Berny is inmiddels vlug naar huis gerend om nog meer woede van zijn moeder te ontlopen. Hij  vergeet zijn bal mee te nemen, die ligt nog op het gras. Die is hij gewoon kwijt.

‘Nou ja, liever die bal dan Cathy,’ denkt hij bij zichzelf. 'Morgen koop ik van het geld van opa en oma wel een nieuwe. Maak ik dat nieuwe record 'balletje hoog houden' wel op mijn verjaardag.'

maandag 15 mei 2023

Balletje hoog houden. (1)

Balletje hoog houden. Heel geconcentreerd was Berny daar mee bezig. Je ziet jongens, mannen het zo vaak doen, het solitaire balspelletje, dat zoveel techniek en concentratie vergt: proberen te voorkomen dat een bal, meestal een echte wedstrijdvoetbal, de grond nog raakt, nadat de bal door de speler is losgelaten; daarbij mogen alle lichaamsdelen worden gebruikt behalve de handen en de armen.
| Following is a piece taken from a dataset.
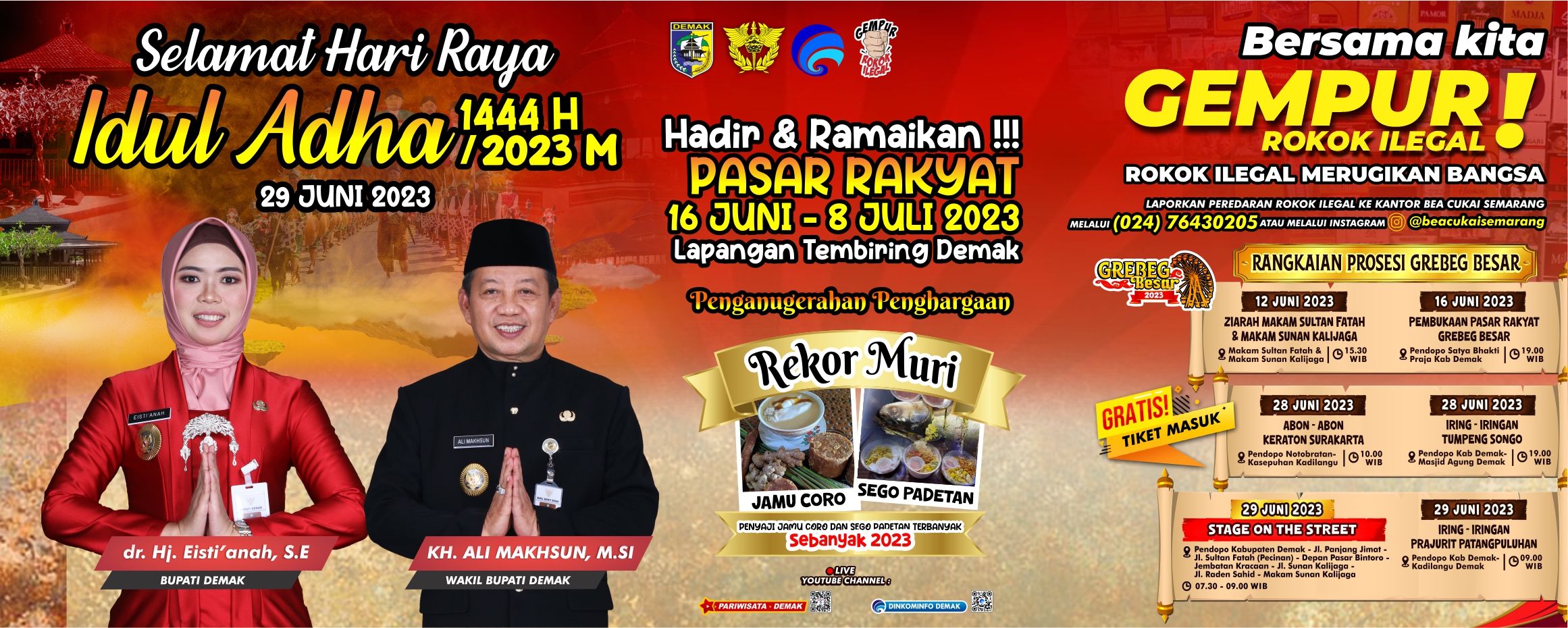 Sebagai informasi, adapun rangkaian prosesi Grebeg Besar meliputi, tanggal 12 Juni 2023 Ziarah Makam Sultan Fatah dan Makam Sunan Kalijaga, 16 Juni 2023 Pembukaan Pasar Rakyat Grebeg Besar, 28 Juni 2023 pukul 10.00 WIB Abon-Abon Keraton Surakarta.

Bij de achtste keer ging het mis. Hij raakt de bal iets te hard met de punt van zijn schoen waardoor de bal buiten zijn bereik in de hortensia’s van de buurman terecht komt.

Niet getreurd Berny begint gewoon weer van voor af aan. Zijn record staat op zestien. Een uurtje geleden pas gescoord. Gisteren haalde hij er nog maar negen. .

Zijn moeder moet boodschappen doen voor het eten van vanavond. D’r is verder niemand thuis en die kleine meid, de tweejarige Cathy kan moeder absoluut niet alleen laten in huis. Meenemen naar de winkel is al helemaal geen optie; dan zou het allemaal  veel te lang gaan duren en ze is al zo laat.

'Ga jij maar even met je zusje spelen, Berny. Je bent nu  al zo'n grote jongen.'

Over een half uurtje ben ik weer terug. Berny  stopt met 'balletje hoog houden' en gaat met zijn kleine zusje ‘balletje naar elkaar toe rollen’ doen.

‘Ga maar met je benen wijd zitten,’ zegt Berny tegen zijn zusje en hij doet voor wat ze moet doen. Zo gaat hij op ongeveer twee meter bij haar vandaan zitten ook met zijn benen wijd; zijn gezicht naar Cathy toe. Hij rolt de bal naar haar en spoort haar aan de bal naar hem terug te rollen. Dat gaat een paar keer goed maar Cathy vindt er niks aan, staat op en gaan bloemetjes plukken. Er staan heel wat madeliefjes en boterbloemen op het gazon. Berny is al lang blij. Kan hij weer verder met ‘balletje hoog houden’.

Berny wordt morgen negen ………. ‘tien, elf, twaalf’ ……….hè, wat jammer nou, de bal schampt zijn knie en schiet de bal met veel effect richting de portiek, waar de postbode aan het werk is.

‘Is er ook post voor mij, postbode? Ik woon op nummer 263 … ben morgen jarig … misschien krijg ik nu al kaarten….‘

Hij is een leuke postbode:

‘Gefeliciflapstaart, ’ zegt hij jolig, ‘je hebt een kaart en een brief, jongen’ en geeft ze alvast aan Berny.  De brief is van zijn opa en oma; er zit 15 euro in.

‘Hoeveel keer kan je de bal al hoog houden,’ vraagt de postbode aan Berny ……..

‘Zestien’ zegt hij.

‘Niet slecht voor een jongen van acht….’

‘Negen,’ zegt de Berny, ‘ik ben negen, morgen.’

 Sorry, negen, natuurlijk jij bent morgen al negen!’ De postbode zegt dan lachend: ‘Ik kan de bal zeker wel 25 keer hoog houden! Zal ik het je eens laten zien?'  Dat vindt Berny wel wat; hij staat met open mond te kijken naar die balvaardige postbode….dat ie dat kan zo veel keer achter elkaar, knap hoor!